__Assignment__.
Pictures stay out of the copy. Retype exactly the lines below from the one with "(2) Gumb za" through the one with "bizonyíték a Tisza,…".

START Extracted information

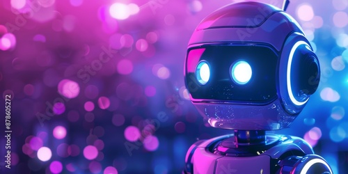 Futuristic robot with glowing eyes and neon lights in abstract background, symbolizing innovation and technology
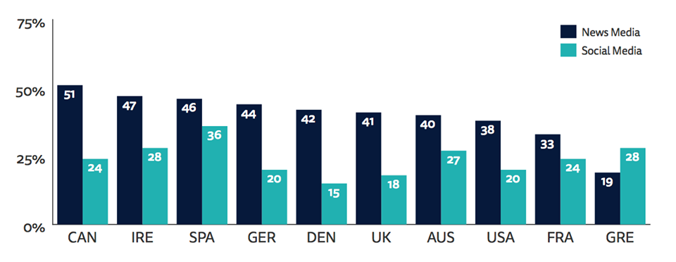 Γράφημα 1: Ποσοστό, το οποίο συμφωνεί ότι τα Ειδησεογραφικά Μέσα / τα Κοινωνικά Μέσα βοηθούν επιτυχώς στο διαχωρισμό του γεγονότος (fact) από τη μυθοπλασία (fiction) – Επιλεγμένες χώρες.
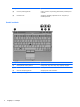(2) Gumb za zunanjo anteno WWAN Odpre zunanjo anteno za prostrano brezžično omrežje (WWAN).
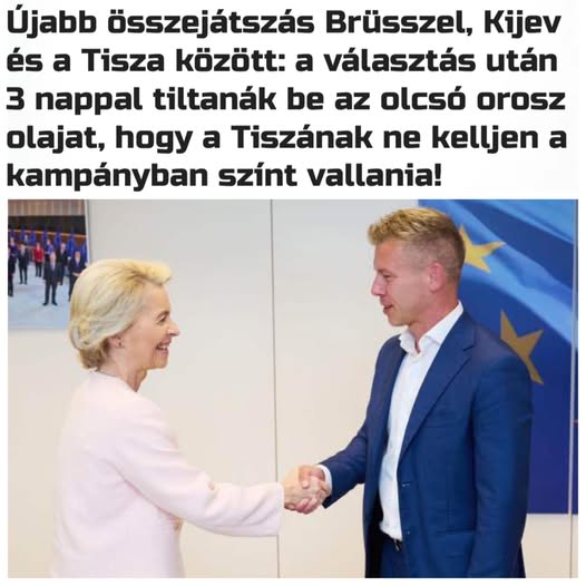 ️Az Európai Bizottság április 15-én, tehát három nappal a magyar parlamenti választások után jogi javaslatot nyújt be az olcsó orosz olajimport végleges betiltásáról — ez egy újabb bizonyíték a Tisza,…
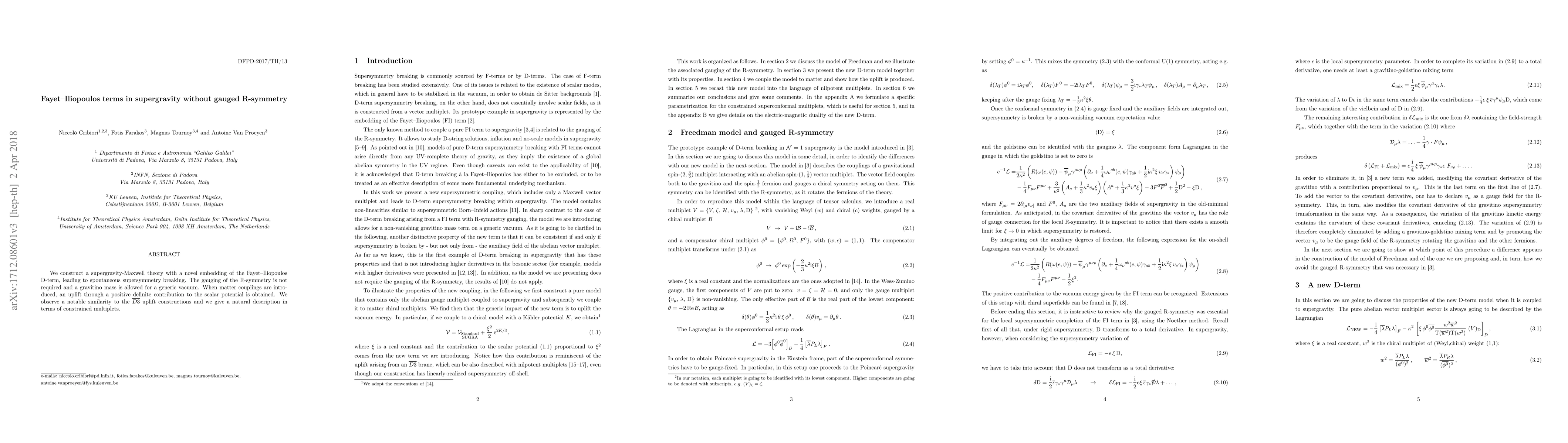 We construct a supergravity-Maxwell theory with a novel embedding of the Fayet-Iliopoulos D-term, leading to spontaneous supersymmetry breaking. The gauging of the R-symmetry is not required and a gravitino mass is allowed for a generic vacuum. When matter couplings are introduced, an uplift through a positive definite contribution to the scalar potential is obtained. We observe a notable similarity to the $\overline{D3}$ uplift constructions and we give a natural description in terms of constrained multiplets.
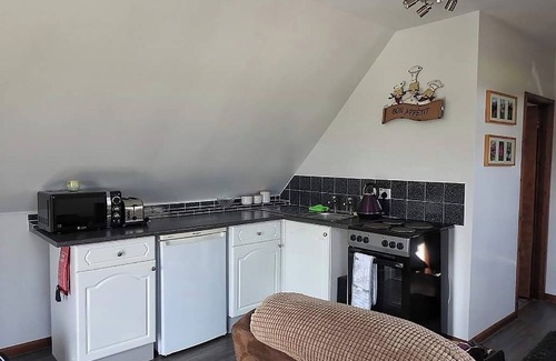 The property is located in a rural area, with breathtaking views across the countryside. The property is accessed via 13 steps so is not suitable for those with mobility issues. This lovely apartment is located above the owners’ garage and features an open plan living, dining and kitchen space, which then leads to the double bedroom and shower room. From the living area you can step out onto a small balcony where you can enjoy some great views and al fresco dining.
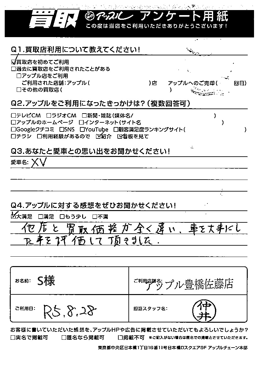 お車のご相談・ 査定だけでもOK! カンタン 入力 30秒 アップルがブランド買取始めました! お電話でも受付中! 受付時間10:00 ~ 19:00 0532-64-5911 お車のご相談・ 査定だけでもOK! カンタン 入力 30秒 アップルがブランド買取始めました! お電話でも受付中! 受付時間10:00 ~ 19:00 0532-64-5911 アップルがブランド買取始めました! お電話でも受付中! 受付時間10:00 ~ 19:00 0532-64-5911 店舗情報 在庫車 スタッフ紹介 ブログ お客様の声 キャンペーン 無料査定 click お客様の声 ご記入日: 2023/08/28 S様 車名:スバル XV (2017年5月~) Q.アップルに対する感想をぜひお聞かせください!大満足他店と買取価格が全く違い、車を大事にした事を評価して頂きました。 前へ 次へ お客様の声一覧を見る

END Extracted information

__Answer below__.
(2) Gumb za zunanjo anteno WWAN Odpre zunanjo anteno za prostrano brezžično omrežje (WWAN).
 ️Az Európai Bizottság április 15-én, tehát három nappal a magyar parlamenti választások után jogi javaslatot nyújt be az olcsó orosz olajimport végleges betiltásáról — ez egy újabb bizonyíték a Tisza,…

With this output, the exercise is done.